[AWS] Centralized session storage

Thomas Løcke thomas.granvej6 at gmail.com
Mon Nov 28 13:52:38 CET 2011


On Mon, Nov 28, 2011 at 11:59 AM, Maciej Sobczak <
maciej.sobczak at inspirel.com> wrote:

>
> And why do you insist on having this as part of AWS?
>



I don't as such "insist" on it, but I would very much like to have it. The
ability to tell AWS where to save session ID's and session data is not a
bad thing, I think.




> What about this:
>
> http://www.inspirel.com/yami4/**book/7-3.html<http://www.inspirel.com/yami4/book/7-3.html>
>
> The distributed cache is a centralized service that allows distributed
> nodes to store and retrieve arbitrary information in a way that is
> self-cleaning with a given timeout.
>
> If you want to have a set of AWS servers that have a common view on some
> session data (that is, string-keyed values), then the distributed cache
> module might be a good out-of-the-box solution.
> Especially that it can self-clean after a given timeout.
>
> It might be easier to adapt this to fit your particular needs (if some
> adaptation is needed) than to patch AWS.
>



Yes, I can see your point, but I would still rely on AWS.Session, and hence
each AWS instance would have to maintain a local database of n sessions.
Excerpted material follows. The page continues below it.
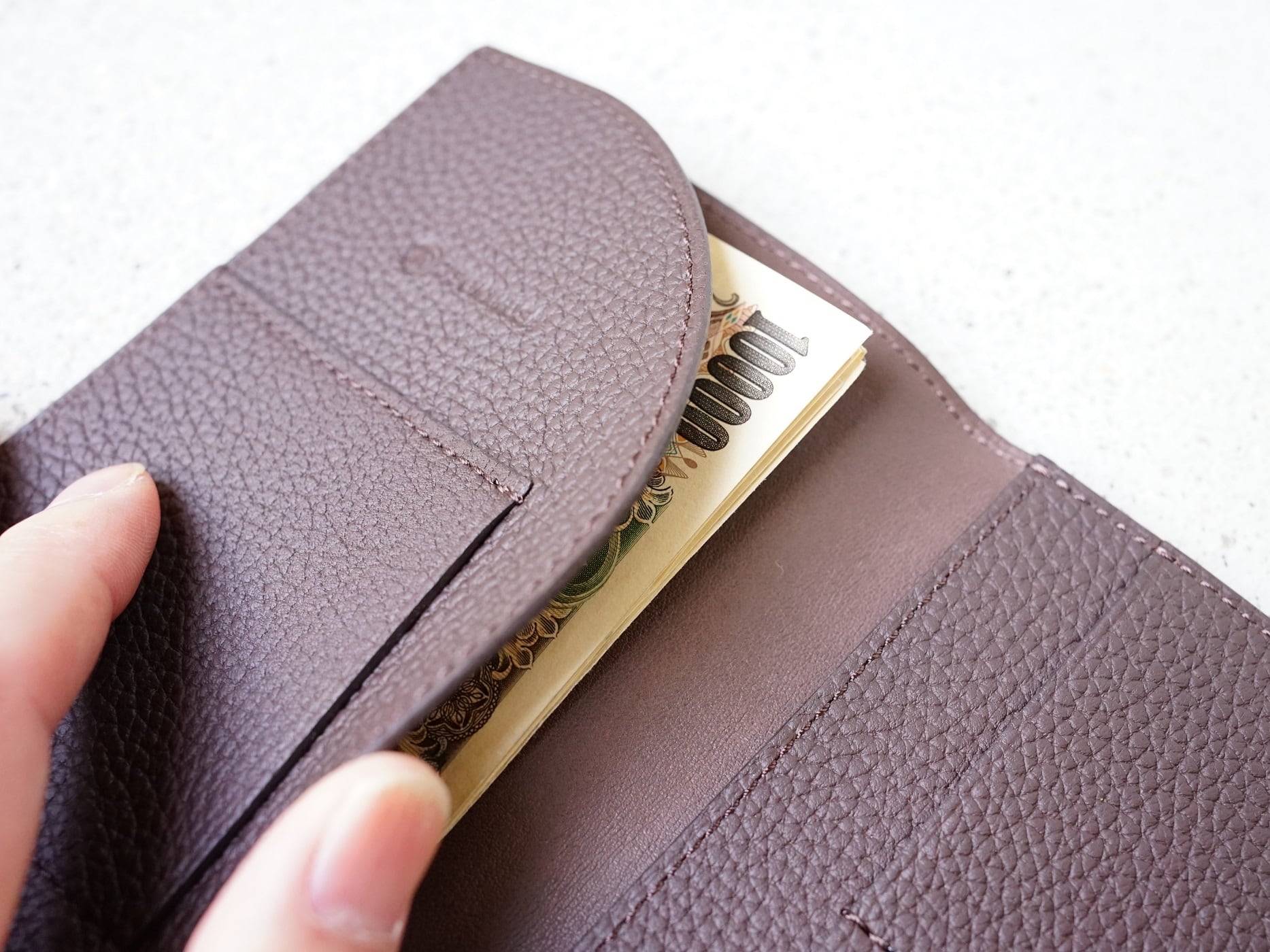 右側のお札入れ部分は、お札が余裕をもって入る幅を確保。

I
would much prefer if the actual storage of both the session ID and the
associated data could be centralized, so each AWS instance knows as little
as possible about the actual session.

The solution you're suggesting is very good, but unless I build my own
session package, I'd still need AWS to do the actual setting/getting of the
session ID, and then we're back to AWS saving all those ID's locally.




> Let me know if you need any more information about it.
>
> BTW - there are more centralized services in YAMI4:
>
> http://www.inspirel.com/yami4/**book/7.html<http://www.inspirel.com/yami4/book/7.html>
>
> If you want to build a system with a set of AWS servers to handle
> communication with clients, then some of these YAMI4 components (message
> broker? cache?) can be useful to bind everything together.
>


 You have most certainly given me something to think about Maciej. Maybe a
small patch to AWS.Session where you can simply disable the local storage
and just use the set/get session ID functionality of AWS is what I really
need? With that I could use something like YAMI4 to manage the actual
session data.

I'll give it some more thought. Thanks.